Friday, May 27, 2016

Back in Greece

For my first morning in Thessaloniki, I woke up to the news that a new bailout agreement with Greece has been reached. Just over a week after Greece’s parliament approved massive new austerity measures, the Eurogroup has agreed to release €10.3 billion to Greece. According to the Athens-Macedonian News Agency, this money will meet Greece’s financing needs until the end of October. Debt relief of the sort that the IMF has been pushing for some time now is not part of the agreement. All actors will formally reassess the situation in 2018. Beyond that, details are (even more) vague.  The agreement specified a target of keeping no more than 15% of Greek national income devoted to debt financing until 2030. But the specific measures required to achieve this end—extending debt maturities, most likely—will not be fleshed out until 2018. Looming over the talks was the specter of upcoming German elections, which will happen no later than the autumn of 2017. Any major changes to the bailout program would have to have been ratified by the German parliament. 

Given recent statements and  the international organization’s internal analyses, agreeing to participate in a bailout of Greece without an explicit Eurozone commitment to debt relief constitutes a major (albeit predictable) concession by the IMF. Germany, on the other hand, got what it wanted: avoidance of debt relief and a postponement of any serious discussion about it until after the 2017 elections. In other words, very little has changed, as far as the basic structural factors that characterize Greece’s place in the politics of Eurozone austerity.

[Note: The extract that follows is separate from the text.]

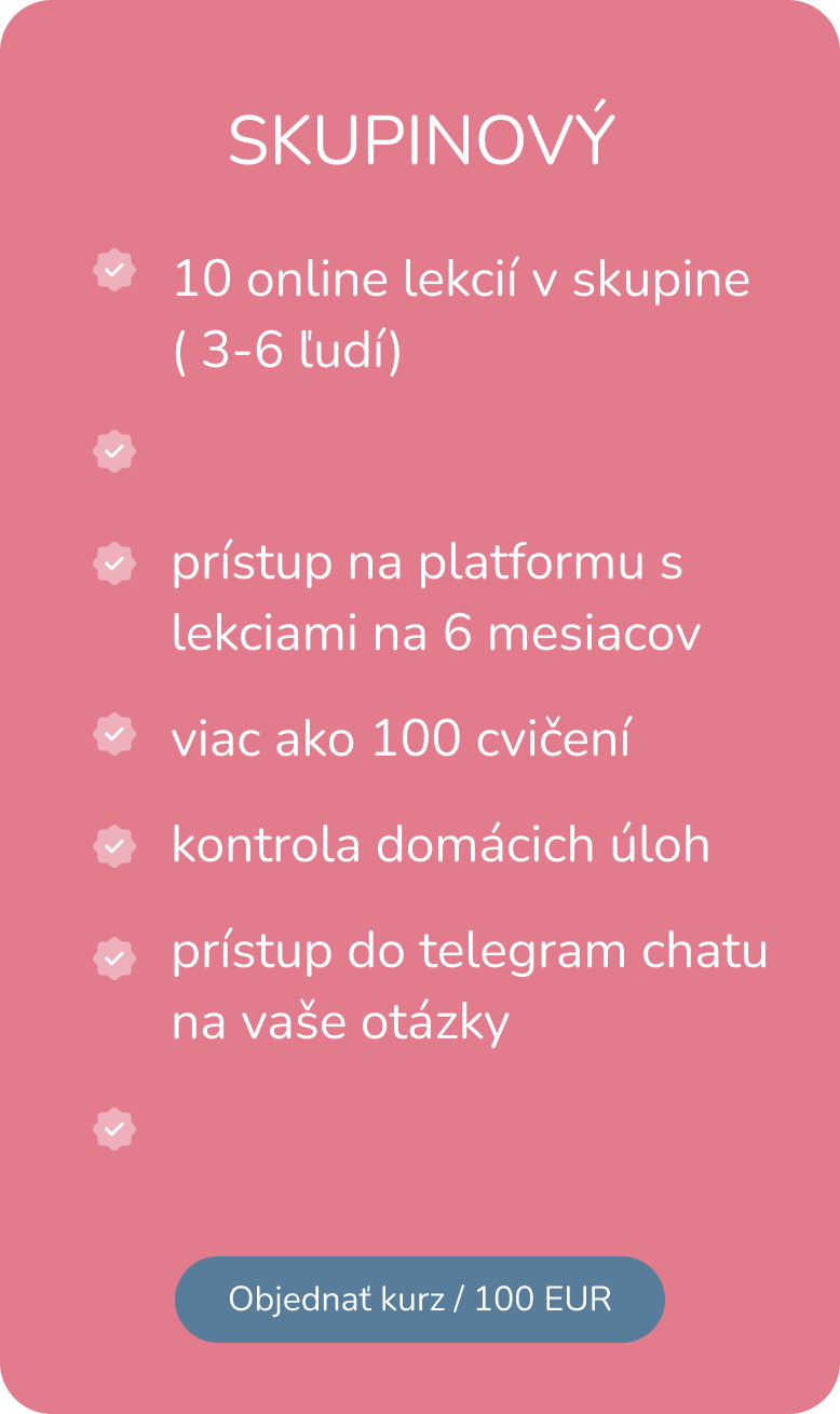Z dôvodu pretrvávajúcich sankcií voči krajine Rusko, je možná platba za kurz iba prevodom na účet. Ak máte záujem o tento kurz, napíšte mi na:
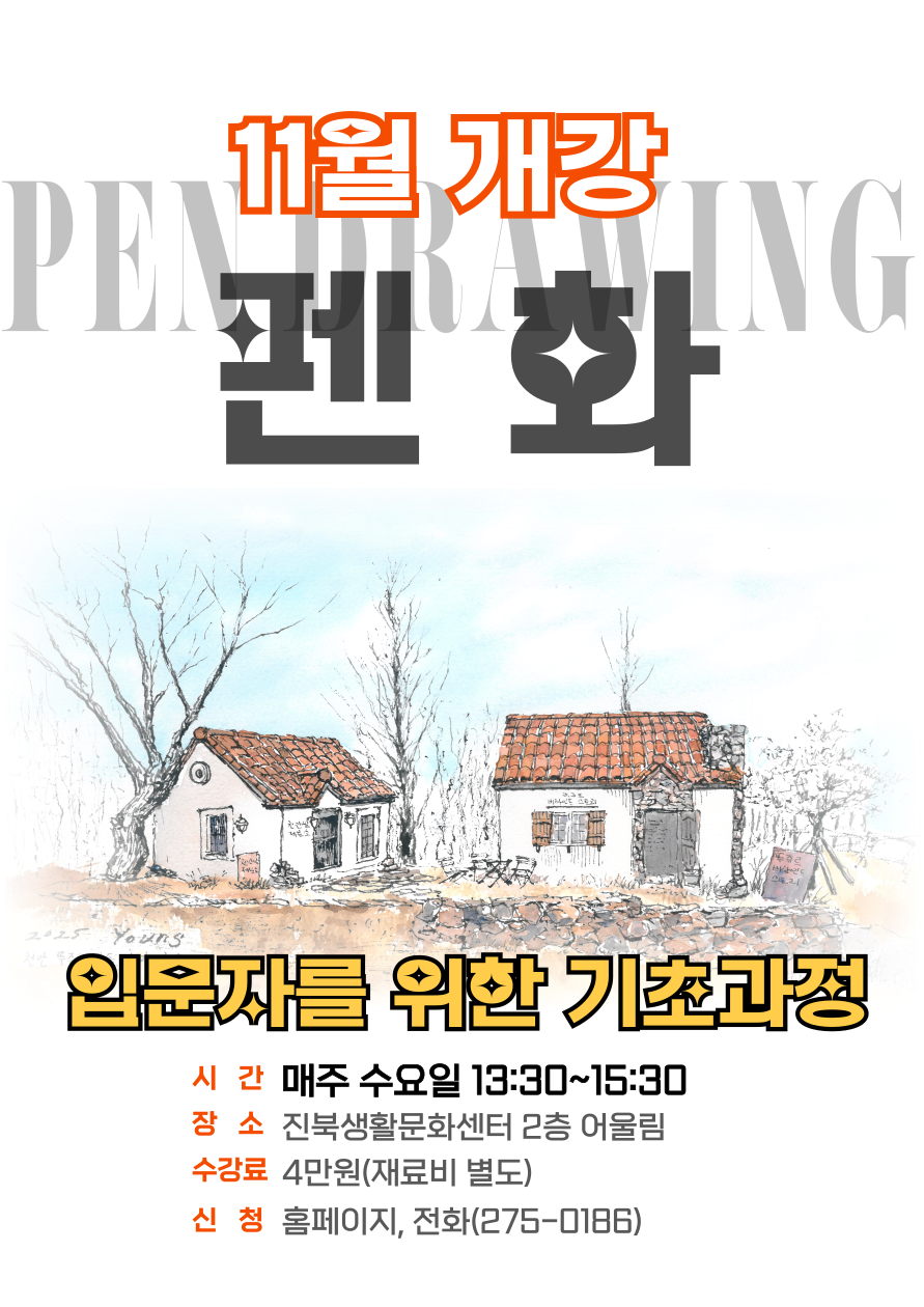 11월 개강하는 펜화(펜드로잉) 기초과정반 수강생 모집합니다.

The episode demonstrates again the twisted logic by which market discipline functions. According to reporting in The Guardian, yields on Greek 2-year bonds improved to a six month low and yields on 10-year bonds dropped to around 7%. Yet only a few days ago, the Greek government passed austerity measures that include a set of (further) tax increases and spending cuts. The Greek economy is predicted to contract once again in 2017, but investors are still encouraged. Stability without default, not economic growth, remains the order of the day. Short-term thinking remains the norm and, assuming that the German and French elections do not bring radicals to power, I do not see any reason why Greece won’t be back at the precipice at least once in the next couple of years.


Strikes to come. In France, strikes are already on.

Tuesday, May 10, 2016

trying to blog more regularly

I am listening to the Jon Stewart interview found here as I type this. I was not as big a fan of Stewart as many of my peers while he was on the air. The simple fact is that I laughed much more at Colbert than at Stewart during the 2000s. I still miss Better Know a District. Stewart's show was sometimes funny, usually when his correspondents had things to do. All that said, he is in good form here.

Lately, I've returned to the idea of blogging regularly about politics. It will require some time to acquire a blogging voice. I committed myself to not posting about the primaries during 2015 and 2016, and I think that may have been a mistake. The utter foolishness I heard and read drove me crazy, and bottling up my incredulity may have taken a few years off of my life.

I will leave for Greece again on May 23rd and I hope to write more about what I see while I am there. Between now and then, I will be e-mailing folks in Greece in hopes of lining up some interviews.